What to produce
From the data that follows, set down exactly the lines from the one with "浪漫的情人節,給心愛的她一個" through the one with "株式会社DONUTS(東京都", counting both. Pictures stay out.

[Data to use]

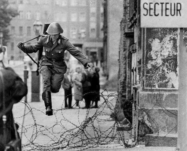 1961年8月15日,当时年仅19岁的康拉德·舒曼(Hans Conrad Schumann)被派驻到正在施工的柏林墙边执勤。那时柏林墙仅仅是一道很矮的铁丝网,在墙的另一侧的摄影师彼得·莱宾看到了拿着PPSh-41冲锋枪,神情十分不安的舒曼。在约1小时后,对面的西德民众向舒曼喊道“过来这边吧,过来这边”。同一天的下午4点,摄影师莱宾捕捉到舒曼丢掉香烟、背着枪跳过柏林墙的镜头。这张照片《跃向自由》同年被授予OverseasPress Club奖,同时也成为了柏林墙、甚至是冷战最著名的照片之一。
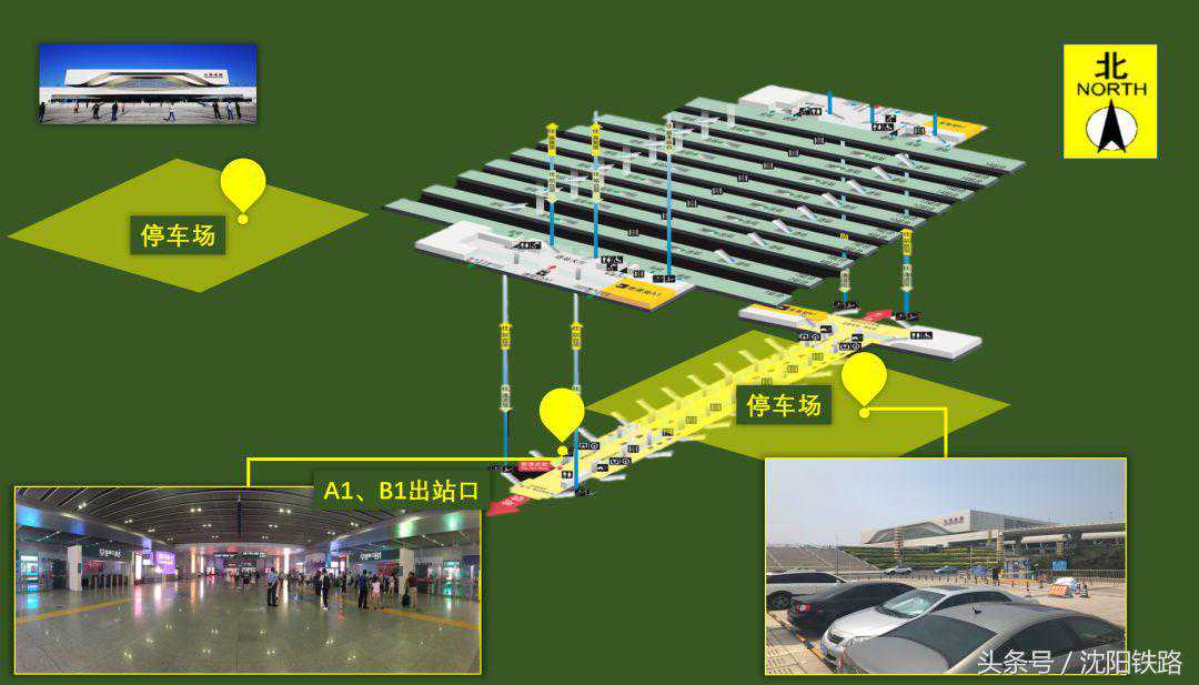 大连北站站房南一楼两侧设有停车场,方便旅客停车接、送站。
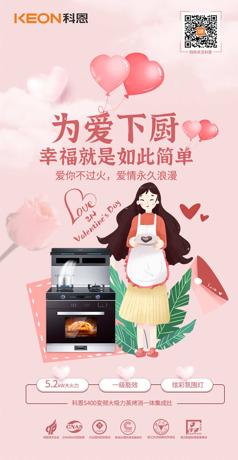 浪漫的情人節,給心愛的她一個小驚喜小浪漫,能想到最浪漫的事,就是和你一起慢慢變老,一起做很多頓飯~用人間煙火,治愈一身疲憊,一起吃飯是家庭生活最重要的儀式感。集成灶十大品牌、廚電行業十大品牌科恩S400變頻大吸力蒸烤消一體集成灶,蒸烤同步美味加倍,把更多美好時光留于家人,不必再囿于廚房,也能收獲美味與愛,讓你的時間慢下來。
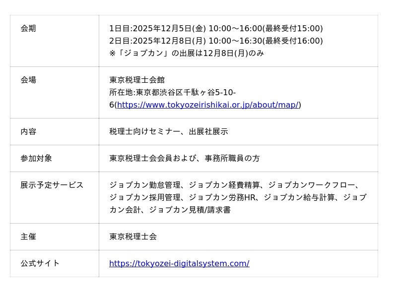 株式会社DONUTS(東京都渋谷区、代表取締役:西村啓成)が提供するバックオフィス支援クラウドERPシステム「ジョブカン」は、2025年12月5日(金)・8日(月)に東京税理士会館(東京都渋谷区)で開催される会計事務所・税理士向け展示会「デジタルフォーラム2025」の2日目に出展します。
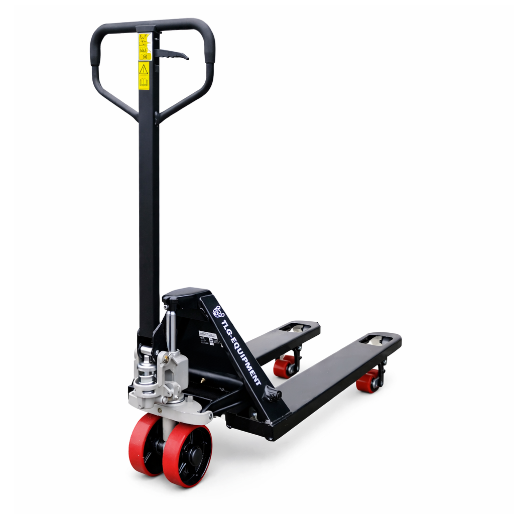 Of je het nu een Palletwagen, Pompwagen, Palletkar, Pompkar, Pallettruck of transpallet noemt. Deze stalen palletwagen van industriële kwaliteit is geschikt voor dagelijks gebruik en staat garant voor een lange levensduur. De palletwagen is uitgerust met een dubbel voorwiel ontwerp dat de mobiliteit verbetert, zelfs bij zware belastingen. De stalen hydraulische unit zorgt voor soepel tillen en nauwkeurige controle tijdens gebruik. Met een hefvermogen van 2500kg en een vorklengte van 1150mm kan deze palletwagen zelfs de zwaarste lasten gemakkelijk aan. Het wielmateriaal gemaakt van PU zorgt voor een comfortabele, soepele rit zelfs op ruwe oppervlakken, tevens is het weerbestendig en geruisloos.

[/Data to use]

Written answer
 浪漫的情人節,給心愛的她一個小驚喜小浪漫,能想到最浪漫的事,就是和你一起慢慢變老,一起做很多頓飯~用人間煙火,治愈一身疲憊,一起吃飯是家庭生活最重要的儀式感。集成灶十大品牌、廚電行業十大品牌科恩S400變頻大吸力蒸烤消一體集成灶,蒸烤同步美味加倍,把更多美好時光留于家人,不必再囿于廚房,也能收獲美味與愛,讓你的時間慢下來。
 株式会社DONUTS(東京都渋谷区、代表取締役:西村啓成)が提供するバックオフィス支援クラウドERPシステム「ジョブカン」は、2025年12月5日(金)・8日(月)に東京税理士会館(東京都渋谷区)で開催される会計事務所・税理士向け展示会「デジタルフォーラム2025」の2日目に出展します。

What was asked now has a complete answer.